Al in slaap gevallen? Het spijt me. De werkelijkheid is soms saai. Niets aan. Misschien is dat wel de reden dat ik schrijver ben geworden – of ben ik het altijd al geweest? Schrijvers zijn dromers. Denkers. Elk mogelijk moment ontsnappen ze aan het dagelijks leven. Zo ook ik. Als ik in de trein zit is de man tegenover me binnen vijf minuten van een vreemdeling getransformeerd tot Freek. Freek is een hartchirurg die in zijn jonge jaren in Afrika heeft gewerkt. In Afrika ontmoette hij zijn eerste vrouw, met wie hij twee kinderen kreeg. Eén van die kinderen werkt nu inmiddels ook als arts in Afrika, trouwens. Maar goed, Freek is nu bij zijn derde vrouw – twintig jaar jonger, lekker kontje, goede tieten – voor wie hij zojuist bij de Hunkemöller (zo zie ik aan het tasje naast hem) een nieuw pittig setje heeft gekocht. Helaas voor hem ligt zijn derde vrouw, Sandra heet ze, nu bij haar jeugdliefde in bed. Het setje zal ze dus zogenaamd verrast in ontvangst nemen vanavond, maar niet aantrekken. Een ander keertje, schat, zal ze zeggen. En dan… stapt hij ineens uit.
Nou ja, ik verzin dus verhalen, dat is wat ik doe. En als dat is wat schrijven is, dan doe ik dat dus al mijn hele leven. Ik verzin verhalen over mannen in de trein, over de achtergrond van nieuwsberichten, over de dag waarop de schroevendraaier ontdekt werd, over alles. Verhalen van vrienden vervorm ik in mijn fantasie tot perfecte plotwendingen, of op z’n minst tot een aardig lijntje dat dan weer verdwaalt in een ander verhaal. Als ik op vakantie ga, dan wordt het nóg erger, want dan heb ik geen afleiding van opdrachtgevers die me bellen of de wc die gepoetst moet worden. En dan gaat het dus los, dan ontploft mijn hoofd werkelijk van de verhalen en verlies ik meer dan eens het contact met de realiteit.
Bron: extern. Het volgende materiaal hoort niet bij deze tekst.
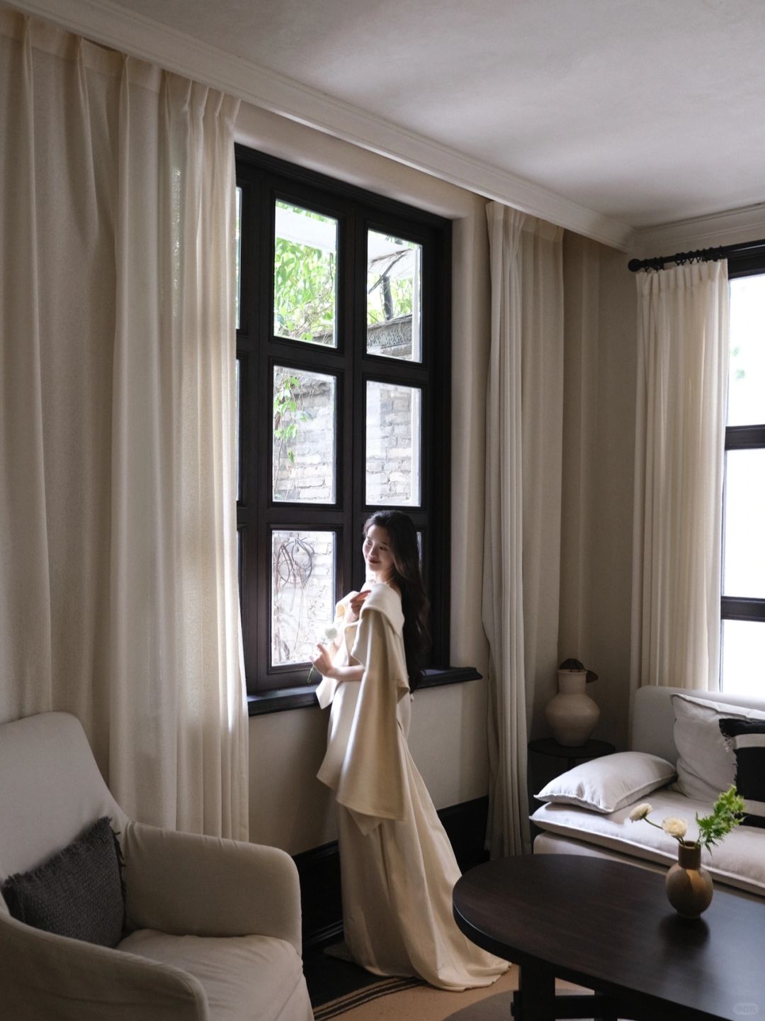 白衫是薄瓷的容器盛着心跳与呼吸绿裤是柔韧的藤缠裹着骨骼的倔强~柳丝拂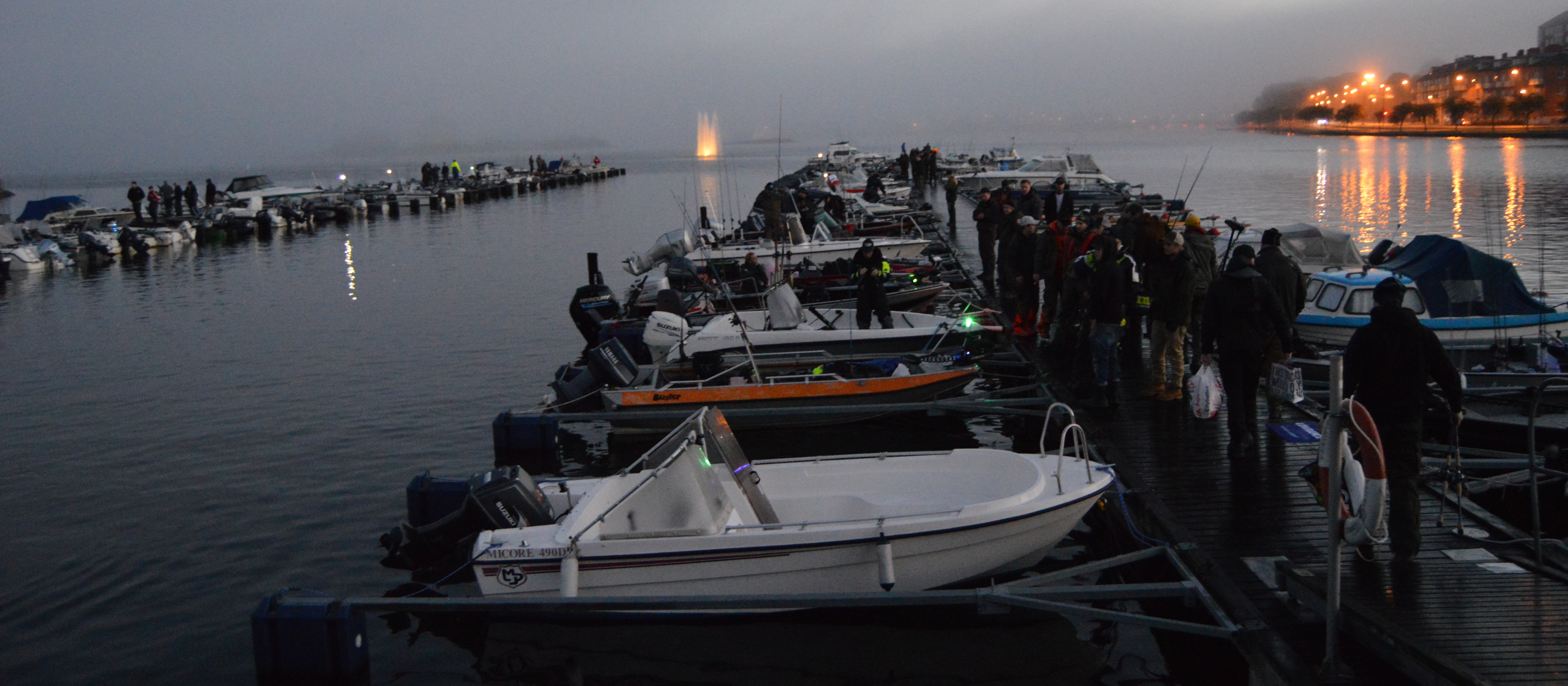 Båtar och fiskesugna mannar och kvinnor samlades framför Scandics uteservering för den traditionella nationalsången innan starten gick klockan 09:00.
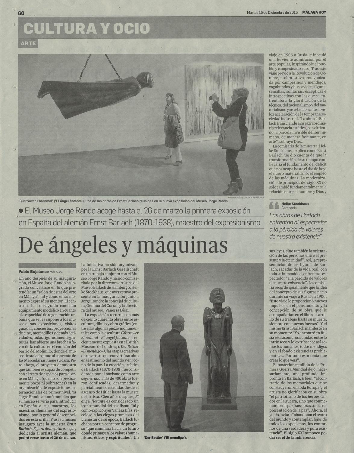 Un año después de su inauguración, el Museo Jorge Rando ha logrado convertirse en lo que pretendía: un "salón de estar del arte en Málaga", tal y como en su momento expresó su mentor. El centro se ha consagrado como un equipamiento modélico en cuanto a la capacidad de regeneración urbana que se les supone a los museos: sus exposiciones, visitas guiadas, conciertos, proyecciones de cine, mercadillos y demás actividades, todas rigurosamente gratuitas, han abierto una brecha a favor de la cultura en el corazón del barrio del Molinillo, donde el museo, instalado junto al convento de las Mercedarias, tiene su casa. Pero ahora, el proyecto demuestra que también es capaz de competir con el resto de espacios para el arte en Málaga (que no son precisamente pocos ni pobretones) en la organización de exposiciones internacionales de primer nivel. Ya Jorge Rando apuntó también que su museo serviría para introducir en España a sus maestros, los maestros alemanes del expresionismo, por lo general desconocidos en esta orilla. Y así su museo inauguró ayer la muestra Ernst Barlach. Figura de un futuro mejor, dedicada al artista alemán, que podrá verse hasta el 26 de marzo. La iniciativa ha sido organizada por la Ernst Barlach Gesellschaft en un trabajo conjunto con el Museo Jorge Rando y ha sido comisariada por la directora artística del Museo Barlach de Hamburgo, Heike Stockhaus, que ayer estuvo presente en la inauguración junto a Jorge Rando; la concejal de cultura, Gemma del Corral; y la directora del museo, Vanessa Díez.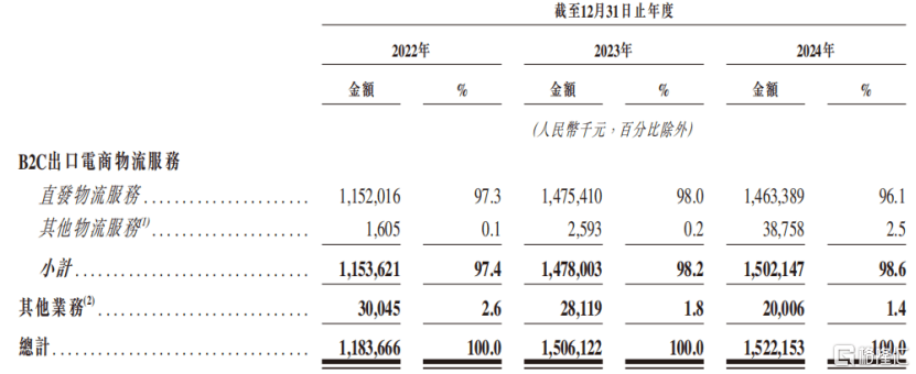 2022年、2023年及2024年(报告期),公司通过直发物流服务运送的包裹总量中分别有63.0%、59.1%及51.1%来自跨境电商平台。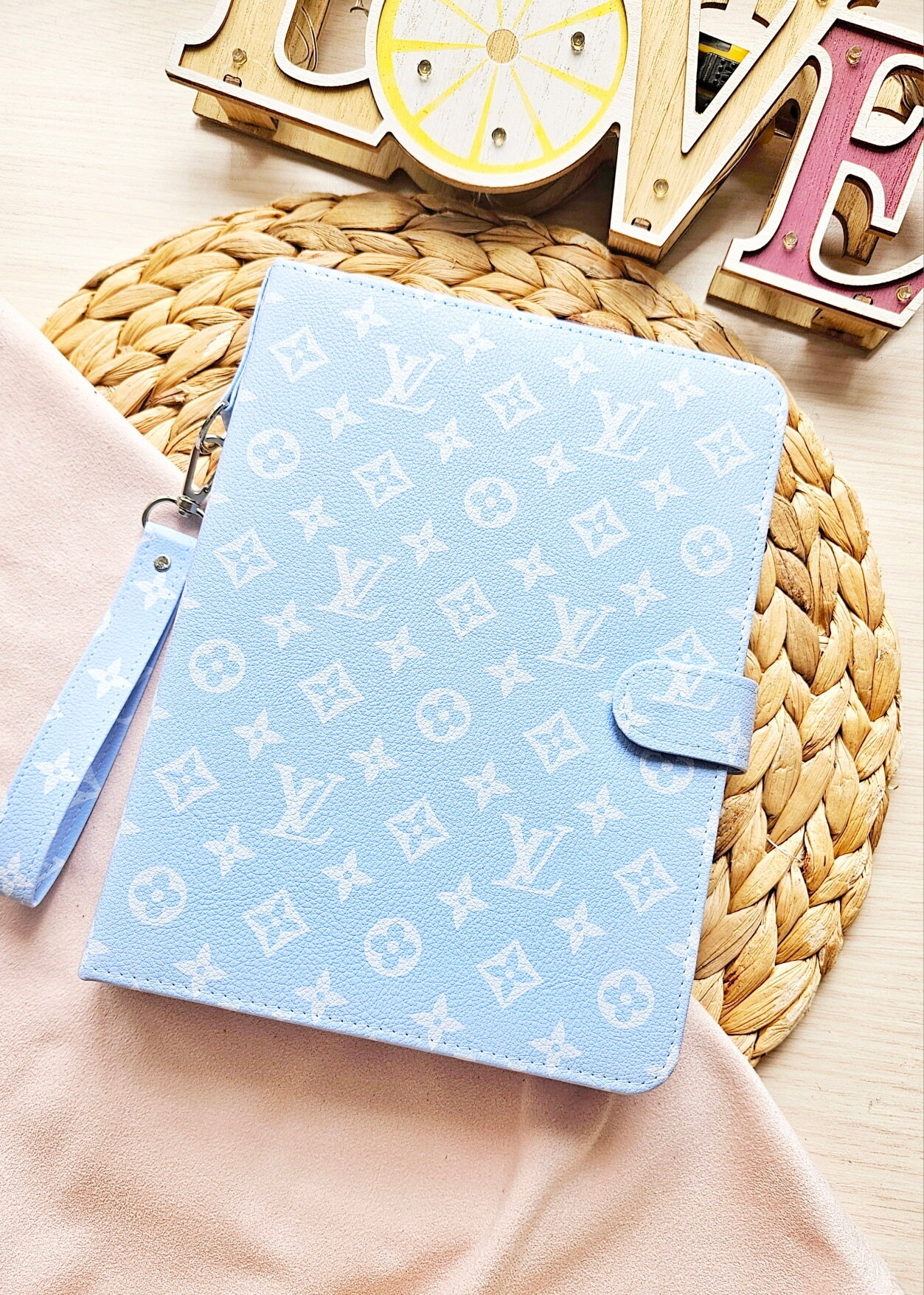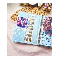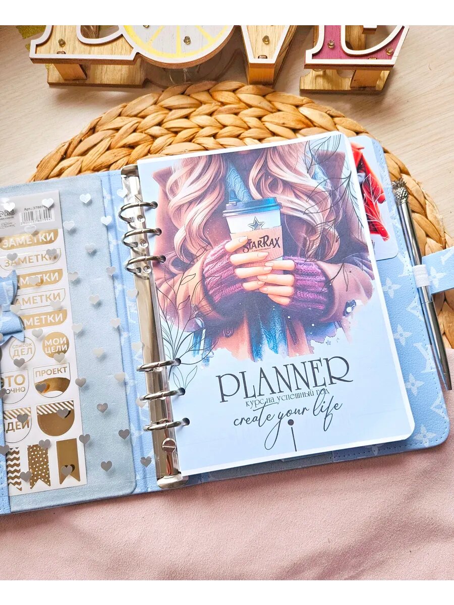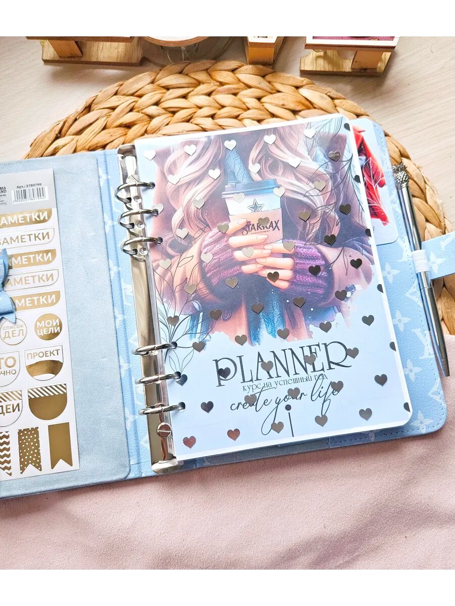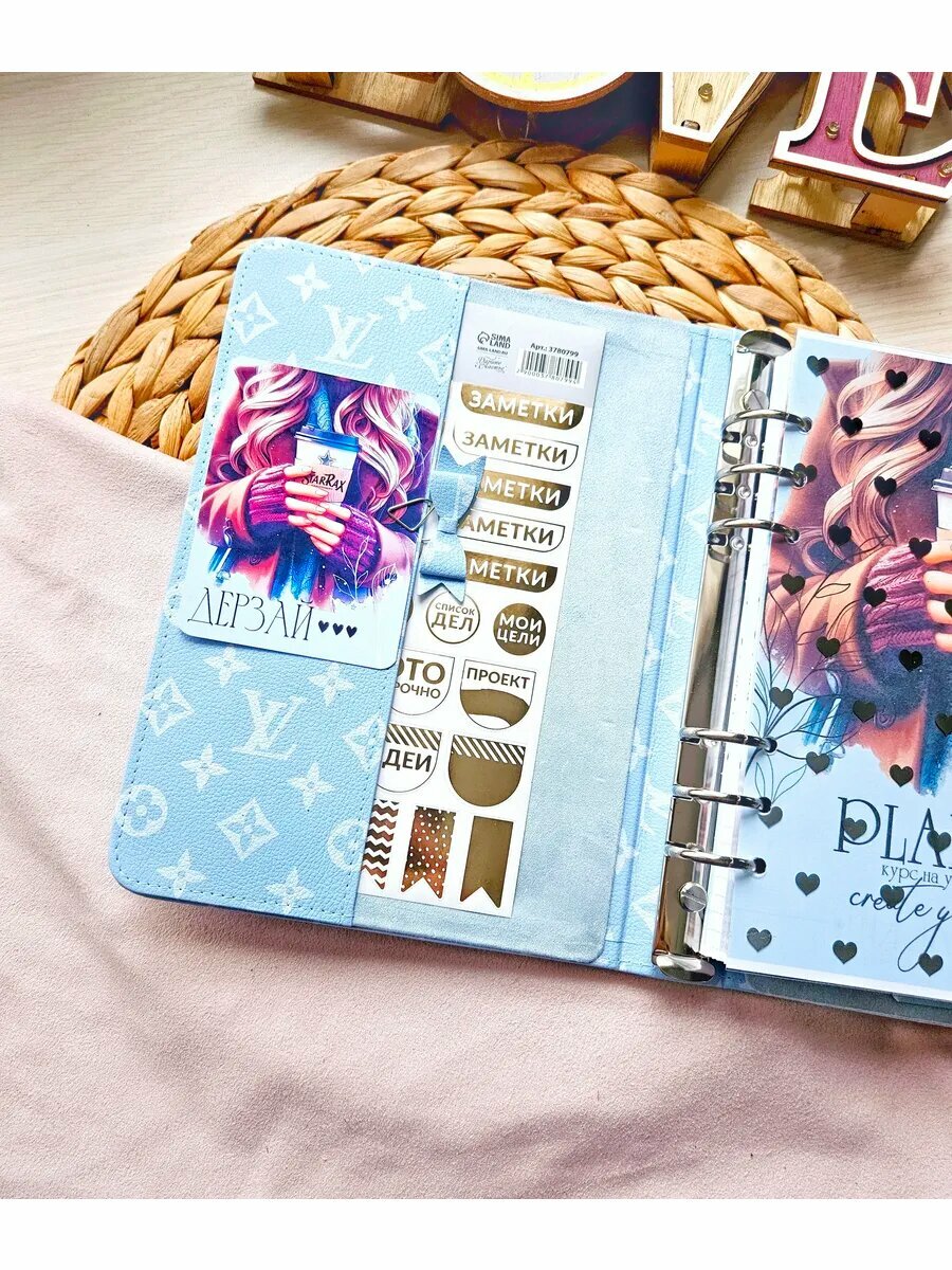 Стильный ежедневник-планер формата А5, полностью ручной работы на кольцевом механизме. Выполнен из искусственной кожи голубого цвета с символикой LV, на магнитной застежкой. Внутри блок на 200 дизайнерских страниц, напечатанные на бумаге премиум класса плотностью 120 гр/м2. Форзацы отделаны замшей. На обоих форзацах по одному сплошному карману. Планер рассчитан на ежедневное планирование. Также включает: личные данные, календарь 26-27, планы на год, колесо баланса, лист желаний, бюджет, планы на неделю, контакты, логины, заметки. Так же, все что на фото входит в стоимость: скрепки-бантики, карточки, наклейки, пластиковый разделитель, ручка с короной, бумажный конверт. Карточки, наклейки, пластиковый разделитель могут отличаться на фото. Данный планер станет отличным приобретением, а также помощником в делах, как для себя, так и на подарок. Формат А5. 200 дизайнерских страниц с иллюстрациями. Крепление: кольцевой механизм, размером 22 см. Размер блокнота: 23*17*4см. Размер страниц 14,5*21см.

Soms schrijf ik een verhaal op. Zo ook op de dag dat ik begon te schrijven aan mijn debuut, Rood licht. En ja, misschien is dat dan wel de dag waarop ik officieel besloot om schrijver te worden.
Anita, volgens mij moet ik jou nu een vraag stellen. Verzin jij ook altijd verhalen bij vreemde mensen die je tegenkomt in de trein? Ah toe, vertel eens.